### What you should do
Apart from the images, output the data below exactly.
[[ Collected data, beginning ]]
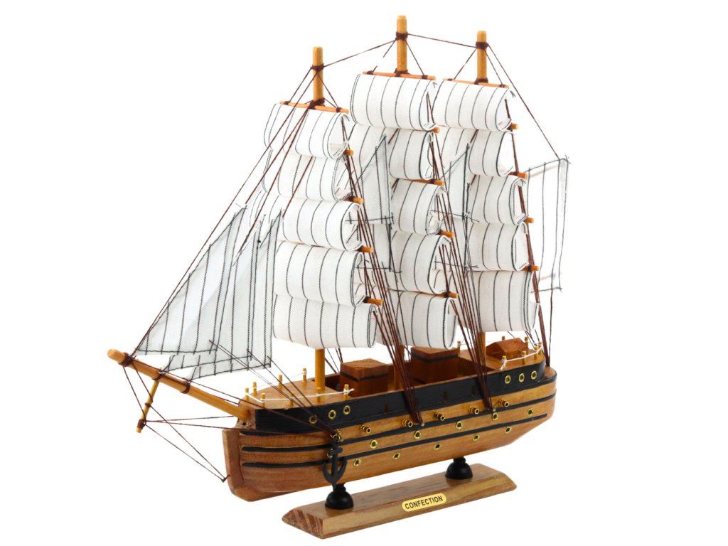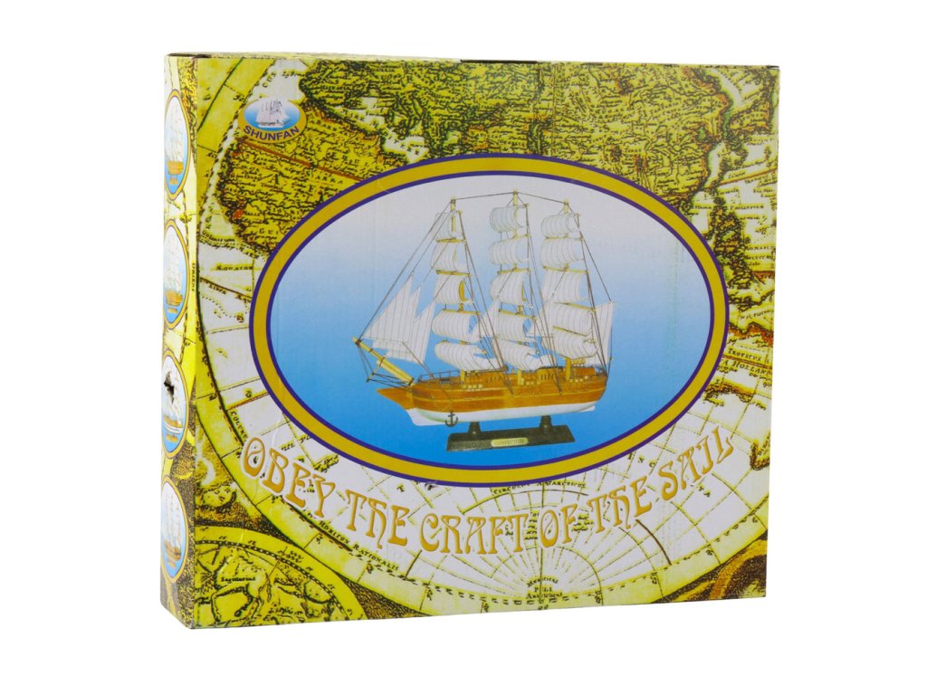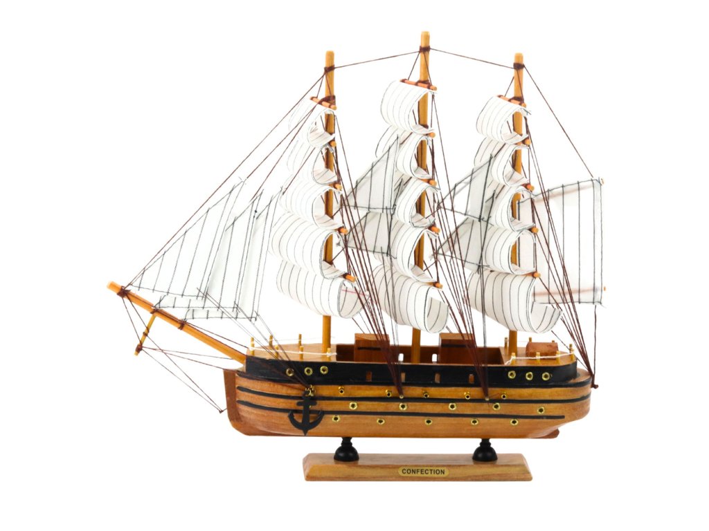 Trup lodi je vyroben z teplého dřeva s černými a zlatými akcenty pro detail. Bílé textilní plachty a pečlivá lanoví doplňují realistickou siluetu plavidla. Celý kus je upevněn na dřevěném stojanu s plaketou. Díky kompaktní velikosti je ideální pro vystavení na komodě, polici, stole nebo vitríně.
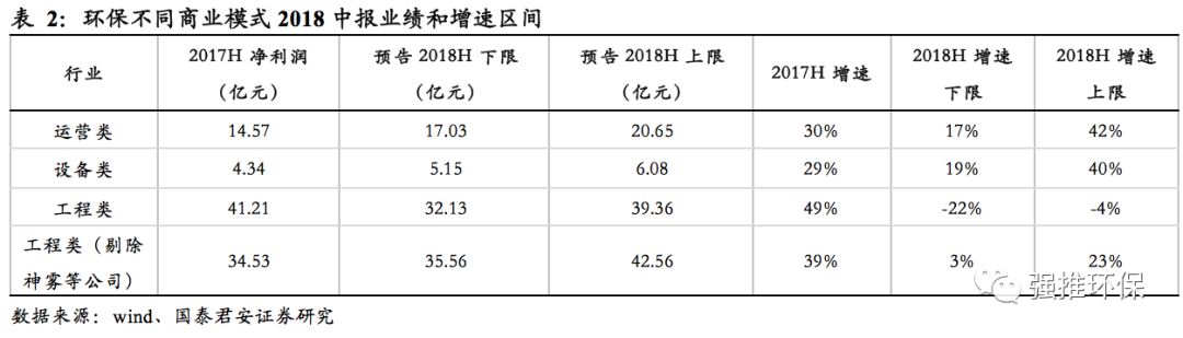 從細(xì)分子行業(yè)來看,危廢、煙氣治理、PPP、固廢、環(huán)境監(jiān)測、清潔能源、水處理、節(jié)能的增速區(qū)間分別為21%~42%、15%~40%、5%~33%、1%~33%、1%~27%、-1%~13%、-14%~3%、-140%~-137%??梢钥闯?,危廢板塊的增速下限已經(jīng)與2017年中報的增速持平,而以節(jié)能、清潔能源為主的細(xì)分板塊過去兩年帶領(lǐng)環(huán)保板塊增長的工程類模式增速出現(xiàn)了較大幅度的下滑,且PPP、水處理等細(xì)分板塊增速也有所放緩。
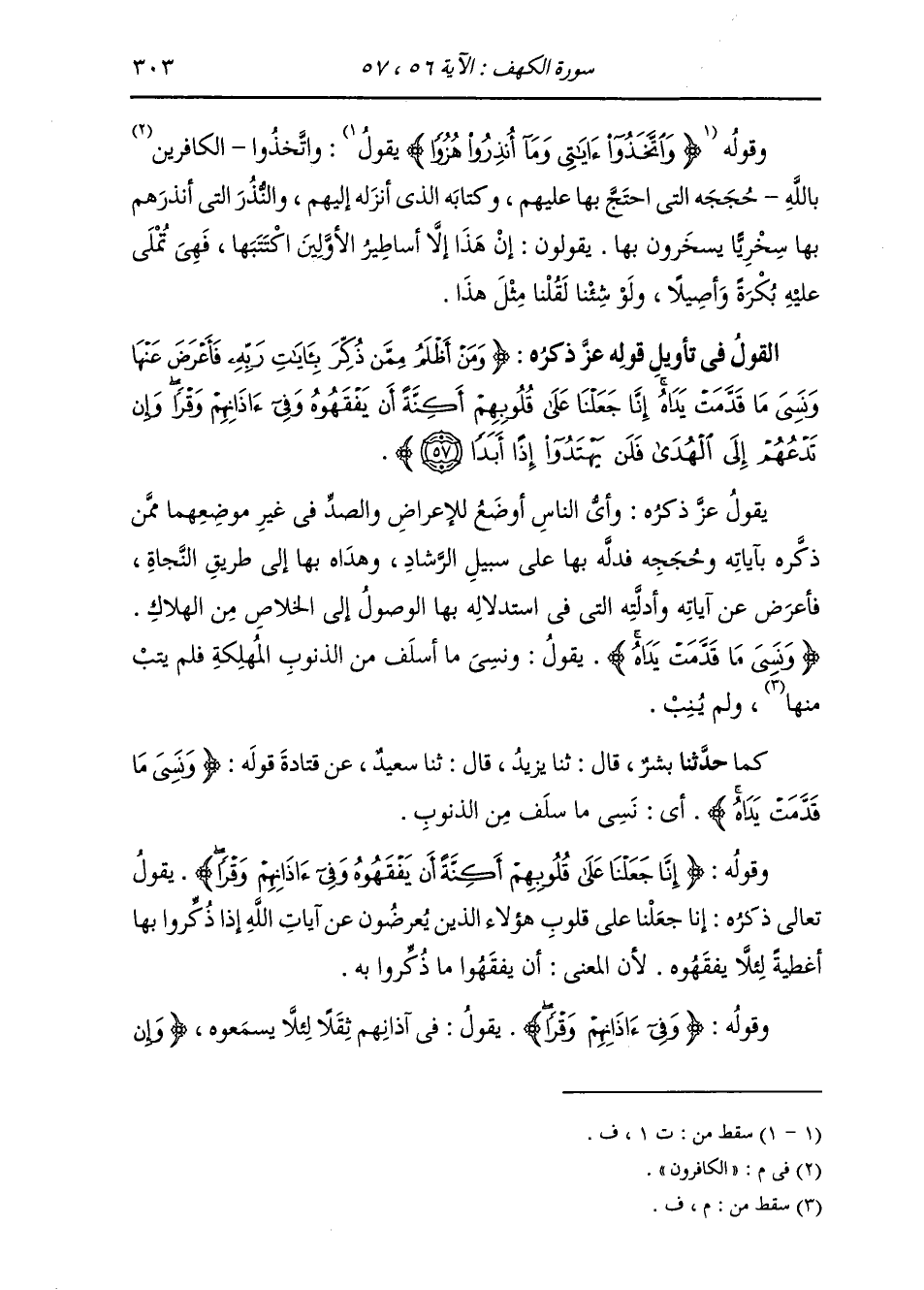 §وَقَوْلُهُ: {إِنَّا جَعَلْنَا عَلَى قُلُوبِهِمْ أَكِنَّةً أَنْ يَفْقَهُوهُ وَفِي آذَانِهِمْ وَقْرًا} [الكهف: 57] يَقُولُ تَعَالَى ذِكْرُهُ: إِنَّا جَعَلْنَا عَلَى قُلُوبِ هَؤُلَاءِ الَّذِينَ يُعْرِضُونَ عَنْ آيَاتِ اللَّهِ إِذَا ذُكِّرُوا بِهَا أَغْطِيَةً لِئَلَّا يَفْقَهُوهُ، لِأَنَّ الْمَعْنَى أَنْ يَفْقَهُوا مَا ذُكِّرُوا بِهِ
[[ Collected data, end ]]
### Expected output
 Trup lodi je vyroben z teplého dřeva s černými a zlatými akcenty pro detail. Bílé textilní plachty a pečlivá lanoví doplňují realistickou siluetu plavidla. Celý kus je upevněn na dřevěném stojanu s plaketou. Díky kompaktní velikosti je ideální pro vystavení na komodě, polici, stole nebo vitríně.
 從細(xì)分子行業(yè)來看,危廢、煙氣治理、PPP、固廢、環(huán)境監(jiān)測、清潔能源、水處理、節(jié)能的增速區(qū)間分別為21%~42%、15%~40%、5%~33%、1%~33%、1%~27%、-1%~13%、-14%~3%、-140%~-137%??梢钥闯?,危廢板塊的增速下限已經(jīng)與2017年中報的增速持平,而以節(jié)能、清潔能源為主的細(xì)分板塊過去兩年帶領(lǐng)環(huán)保板塊增長的工程類模式增速出現(xiàn)了較大幅度的下滑,且PPP、水處理等細(xì)分板塊增速也有所放緩。
 §وَقَوْلُهُ: {إِنَّا جَعَلْنَا عَلَى قُلُوبِهِمْ أَكِنَّةً أَنْ يَفْقَهُوهُ وَفِي آذَانِهِمْ وَقْرًا} [الكهف: 57] يَقُولُ تَعَالَى ذِكْرُهُ: إِنَّا جَعَلْنَا عَلَى قُلُوبِ هَؤُلَاءِ الَّذِينَ يُعْرِضُونَ عَنْ آيَاتِ اللَّهِ إِذَا ذُكِّرُوا بِهَا أَغْطِيَةً لِئَلَّا يَفْقَهُوهُ، لِأَنَّ الْمَعْنَى أَنْ يَفْقَهُوا مَا ذُكِّرُوا بِهِ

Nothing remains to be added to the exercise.